You cannot use F5 to start the CUDA Debugger unless you change the key bindings. The default key binding in Visual Studio for the F5 key is to start the native debugger (CPU debugger). However, once the CUDA Debugger starts, it will respond to the other key bindings that affect run control (such as F11 and F12).
From the Debug menu, choose Windows > Locals. The Locals window opens. The Locals window displays the variables and their values in the current lexical scope. Notice the value of the variable aBegin in the Locals window.
Click the Step Into icon or press F11.

Notice that the value of the variable aBegin changed. The color red indicates that the value changed as a result of the last instruction executed, which in this case was the statement that had the first breakpoint.

Keep in mind that, unlike using the native debugger on CPU code, you cannot change the value in GPU memory by editing the value in the Locals window.
Click the Run icon or press F5.

The CUDA Debugger resumes execution of the matrixMul application, and pauses before executing the instruction on the line of source code at the next breakpoint. Before we continue execution, let's take a look at the values in memory.

From the Debug menu, choose Windows > Memory > Memory Window 1. The Memory window opens.
Click and drag a variable from the Locals window onto the Memory window. The memory window displays the values at the address that corresponds to the variable (or pointer).

When viewing memory in __local__, __const__ or __shared__ make sure the Visual Studio Memory view is set to Re-evaluate automatically. This will ensure that the memory shown is for the correct memory space. Without this, the display can change to an address which defaults to global memory.

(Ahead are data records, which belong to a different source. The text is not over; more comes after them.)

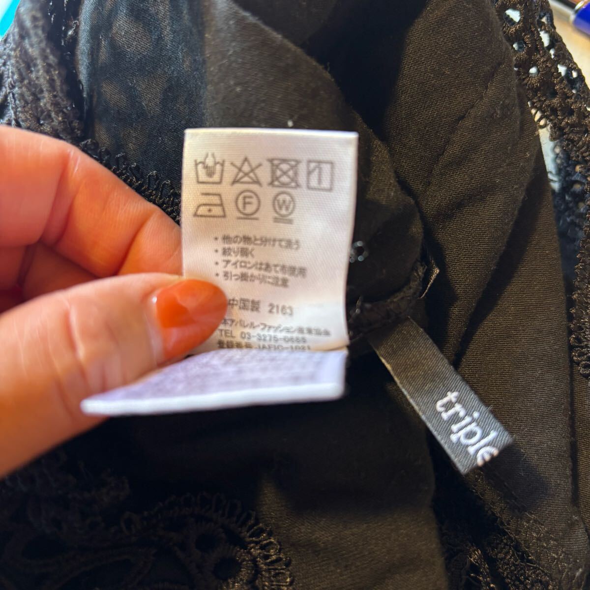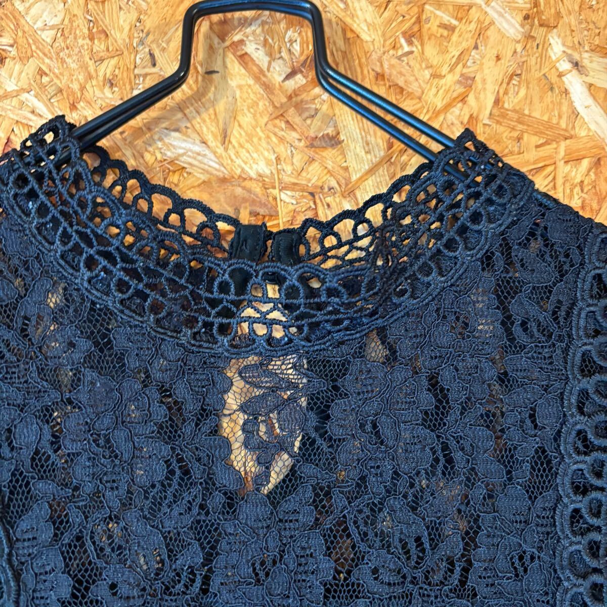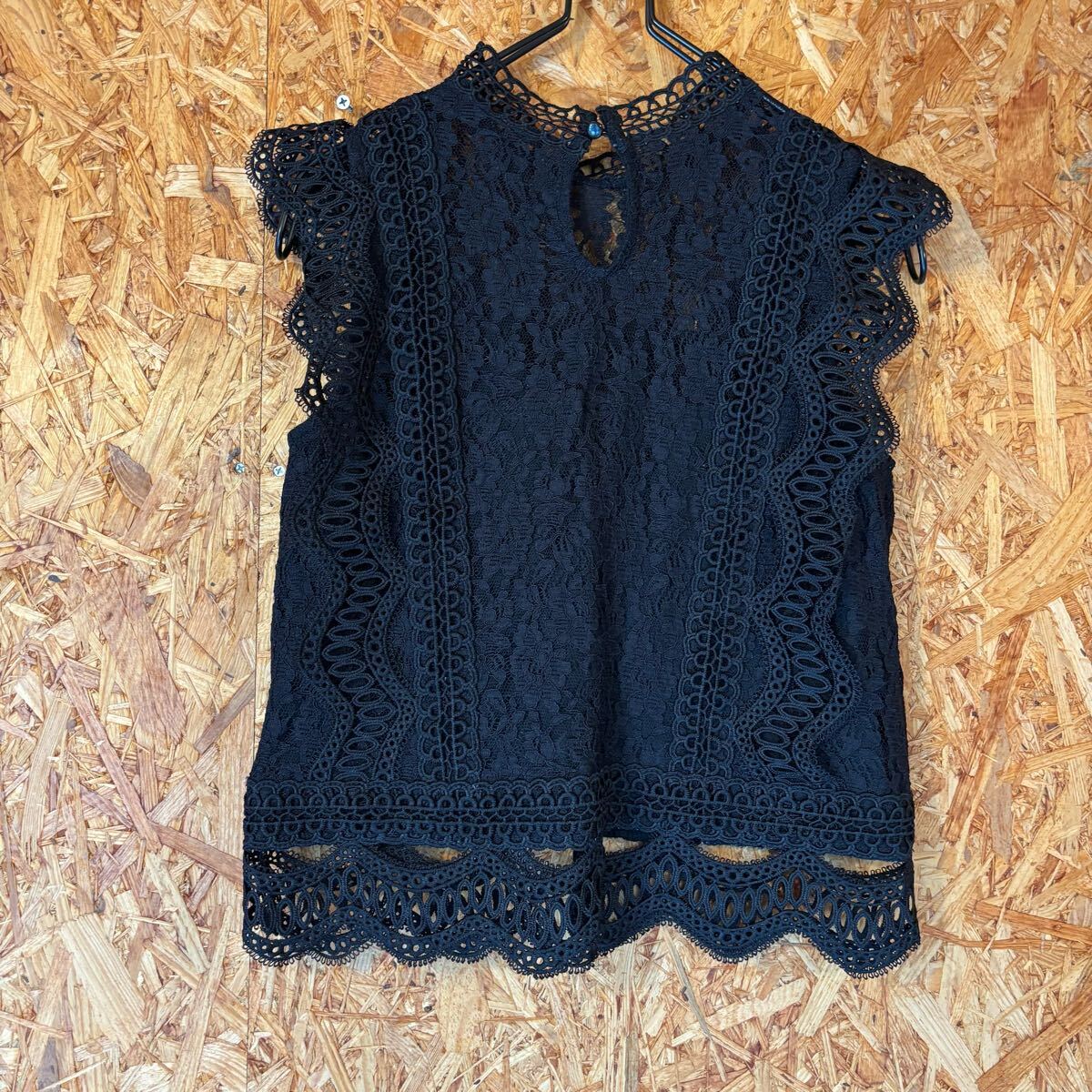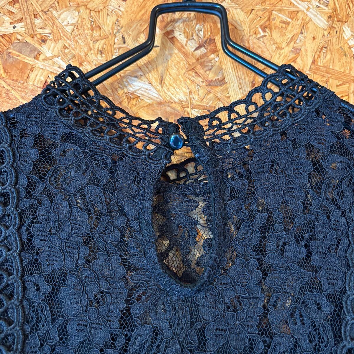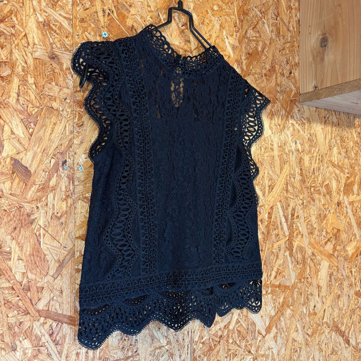 美品 triple rund レース ノースリーブ ブラック 袖なしカットソー 透け感あり レーストップス レディース 4511
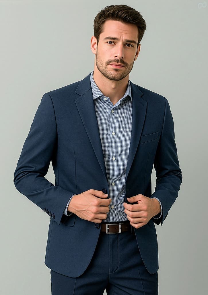 Features: City fit - designed to provide some shape 2 Button opening 2 Front jet pockets with flaps Center back vent Fully lined with internal pockets and an action pleat inside to allow for movement Contrast lining inside sleeve Internal zip for embroidery Cuff buttons are not functional Fabric: Renew Suiting: 77% Recycled Polyester, 20% Viscose, 3% Elastane; A lightweight fabric that's engineered to be an easy-care, machine wash-and-wear fabric with minimal creasing. Made for ease and versatility for when you are on the go. A conscious product choice, with 77% made from post-consumer recycled polyester. Sizes: 87R - 142R
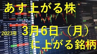 あす上がる株 2023年3月6日(月)に上がる銘柄
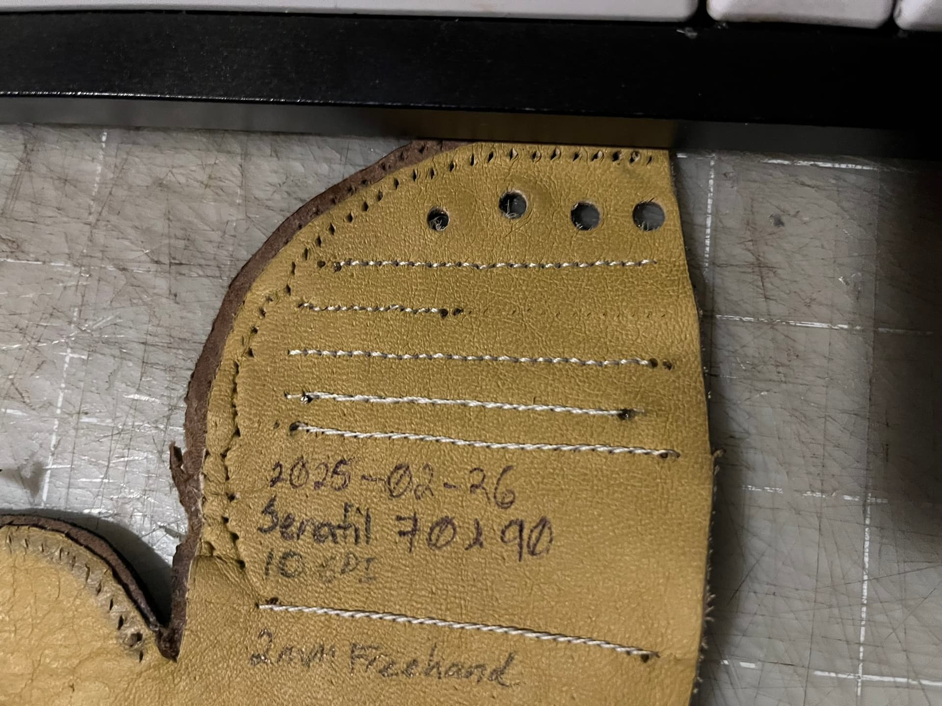 Having closed my fourth pair, I’ve taken a little break to do some experiments in fine hand upper sewing. In particular, I’ve been interested in hand stitchlines finer than 8 SPI or 3 millimeters center-to-center, with threads thinner than 0.020" or 0.6 millimeters.
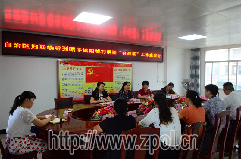 调研组一行先后深入昭平镇马圣村儿童之家、全国巾帼科技示范基地--昭平县故乡茶业有限公司茶业种植基地、华泰药业有限公司妇女之家、县人民法院城厢人民法庭妇女儿童维权岗等地实地调研,深入了解我县妇联改革进展情况和存在问题,并在昭平镇附城村("会改联"试点村)召开座谈会。
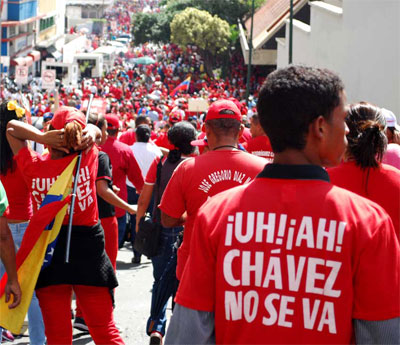 HAVANA TIMES — Once again a sea of red took over the streets around the presidential palace in Caracas as supporters of President Hugo Chavez rallied on Thursday to show their support for their ailing leader and pledging allegiance to his Bolivarian Revolution.
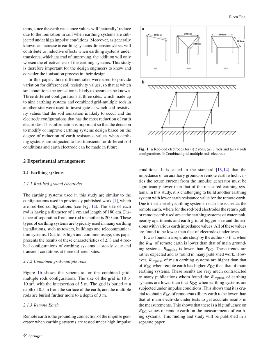 本研究中所使用的接地系统与之前发表在论文中使用的接地系统类似,都是使用棒状电极(见图1a)。每个杆的尺寸的直径为1厘米,长度为180厘米。杆与杆之间的距离为200厘米。这种类型的接地系统被经常使用,例如塔,建筑物和电信系统的接地系统,都是这种接地系统。由于其使用的广泛性,本文介绍了三个不同位置的稳态和瞬态的条件下,接地系统的2,3和4极法测量结果的特点。

You cannot change the value in GPU memory by editing the value in the Memory window.

EXERCISE 4: Run the Memory Checker

The CUDA Memory Checker keeps track of all memory allocations. to ensure that invalid memory locations are not accessed by the target application.

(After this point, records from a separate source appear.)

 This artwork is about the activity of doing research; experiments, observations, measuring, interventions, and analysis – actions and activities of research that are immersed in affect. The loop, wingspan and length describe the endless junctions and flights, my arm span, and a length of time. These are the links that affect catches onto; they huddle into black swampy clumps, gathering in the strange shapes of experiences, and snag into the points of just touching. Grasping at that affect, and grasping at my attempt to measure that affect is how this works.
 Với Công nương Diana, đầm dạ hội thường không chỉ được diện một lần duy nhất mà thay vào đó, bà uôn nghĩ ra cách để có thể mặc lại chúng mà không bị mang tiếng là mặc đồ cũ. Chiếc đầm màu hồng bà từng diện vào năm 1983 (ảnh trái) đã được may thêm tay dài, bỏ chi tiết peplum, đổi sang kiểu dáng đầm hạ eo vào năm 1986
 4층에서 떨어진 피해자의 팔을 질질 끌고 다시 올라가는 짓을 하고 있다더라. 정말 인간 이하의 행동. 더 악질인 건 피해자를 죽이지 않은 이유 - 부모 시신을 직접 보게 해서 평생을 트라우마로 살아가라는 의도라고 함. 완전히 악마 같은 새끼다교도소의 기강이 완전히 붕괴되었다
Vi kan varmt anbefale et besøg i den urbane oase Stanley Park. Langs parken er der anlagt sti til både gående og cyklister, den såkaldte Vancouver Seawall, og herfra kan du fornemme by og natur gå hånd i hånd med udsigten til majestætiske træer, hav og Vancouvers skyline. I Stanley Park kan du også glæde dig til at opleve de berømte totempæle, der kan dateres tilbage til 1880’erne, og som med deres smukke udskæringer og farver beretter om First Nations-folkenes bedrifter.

Writing to an out-of-bounds memory location in a CUDA kernel launch causes the GPU to terminate the launch, and places the CUDA context in a permanent error state. This results in all CUDA API functions returning an error code, such as CUDA_ERROR_UNKNOWN. The coding errors that lead to invalid memory access can been difficult to debug without a memory checker.

From the Nsight menu, select Enable CUDA Memory Checker. A checkmark indicates that the Memory Checker is enabled.
Start the CUDA Debugger.
1. Make sure that the Nsight Monitor is running on the target machine (either a remote machine or localhost, depending on your configuration).
2. From Nsight menu, select Start CUDA Debugging. (Or right-click on the project and choose Start CUDA Debugging.)
  The CUDA Debugger starts and launches the target application.